This dataset covers 4 verified records spread across
2+ cities in Andhra Pradesh.
4 records carry a verified phone number and
0 include a business website — directly usable for
outreach, segmentation, and CRM import.
The highest-density cities are
Vijayawada (2 listings), and Visakhapatnam (2 listings).
Coverage in Andhra Pradesh — by citie
Total rows:4With mobile:4With website:0
Cities
Total
With mobile
With website
Vijayawada
2
2
0
Visakhapatnam
2
2
0
All cities (2)
4
4
0
Related coverage — same industry
Drill up for wider coverage
The Fast Food Chains database for Andhra Pradesh, India includes 4+ verified businesses with company name, address, city, state, phone, email, website and GPS coordinates. The file is delivered as a CSV ready for CRM import or BI analysis.

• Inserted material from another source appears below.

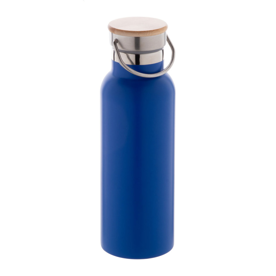 The bottle is made of double-wall stainless steel and features a bamboo carry lid.
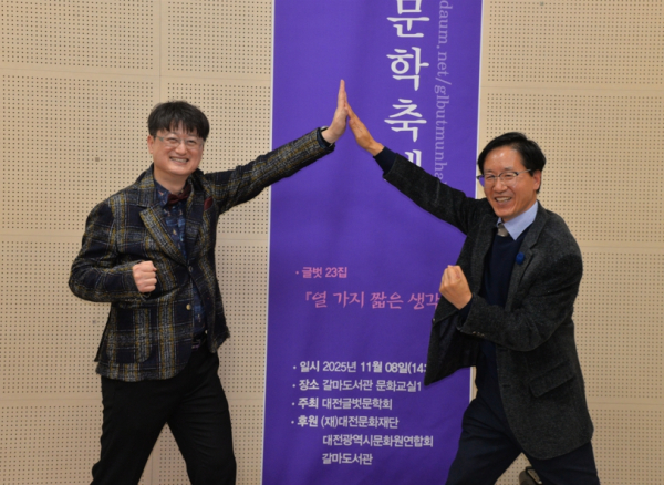 [충청뉴스 최형순 기자] 올해로 창립 23주년을 맞은 대전글벗문학회(회장 배용주)가 (재)대전문화재단, 대전광역시문화원연합회, 갈마도서관 후원으로 8일 갈마도서관 문화교실에서 김수진 시인의 사회로 ‘제23회 글벗문학축제’를 성황리에 개최했다.

Gunjan (IN) bought 6 days ago
·Arjun (IN) bought 1 week ago
·Taahid (IN) bought 1 week ago
·Kirti (IN) bought 1 week ago
·Heer (IN) bought 1 week ago
How to use this data
Channel partner mapping — find every fast food chains business in Andhra Pradesh, India that fits your reseller programme.
Brand mapping — track competitive fast food chains concentration street-by-street in major Andhra Pradesh, India cities.
Channel reporting — slice partner performance by Andhra Pradesh, India state and fast food chains sub-vertical.
Frequently asked about this dataset
How many businesses are in the Fast Food Chains database for Andhra Pradesh, India?
The Fast Food Chains database for Andhra Pradesh, India contains 4+ verified businesses as of 2026, each with phone, email, address, website and GPS coordinates. The full record count is shown on this page above.
Where can I download a Fast Food Chains database for Andhra Pradesh, India?
The complete Fast Food Chains database for Andhra Pradesh, India is available on this page from Data2Sales AI as an instant CSV download. Every record carries verified contact details and is delivered immediately after checkout.
What fields are included in the Fast Food Chains dataset?
Each record includes: Business name, Street address, City, State / Region, Postal code, Country, Phone number, Email address and more. The file is delivered as a UTF-8 CSV that opens in Excel, Google Sheets or any standard CRM importer.
How accurate is the Fast Food Chains data for Andhra Pradesh, India?
Every record is cross-referenced across public business registries, Google Maps and licensed directory partners before it ships. Closed businesses, disconnected phones and duplicates are stripped on every monthly refresh, so the dataset reflects the live fast food chains footprint in Andhra Pradesh, India.
Is the Fast Food Chains dataset updated regularly?
Yes. The Fast Food Chains dataset is rebuilt on a rolling 30-day cycle. New entrants come in through registrar filings; closures are detected from negative signals and dropped before export.
Can I use the Fast Food Chains data for marketing and outreach?
Yes — the dataset is licensed for commercial use after purchase. Common use cases include cold outbound, geo-targeted advertising, market research, supplier sourcing and territory planning. Only publicly listed business contact information is included.
What format do I receive the Fast Food Chains database in?
You receive a UTF-8 encoded CSV. It opens in Excel, Google Sheets, Power BI, Looker Studio and every major CRM (HubSpot, Salesforce, Zoho, Pipedrive). XLSX is available on request.
How quickly can I download the dataset after purchase?
Within 30 seconds of successful payment. The CSV is generated fresh from the live database at purchase time. You also get 7 days of unlimited re-downloads from a secure link sent to your email.
About the Fast Food Chains Database in Andhra Pradesh, India
The World Wide Data Database for Andhra Pradesh, India is a 4+ verified records directory of world wide data businesses — aggregated through the Data2Sales AI engine, cross-referenced across public business registries, official company websites, licensed directory partners, and social platforms, then re-verified monthly so every record in the export is deliverable on day one.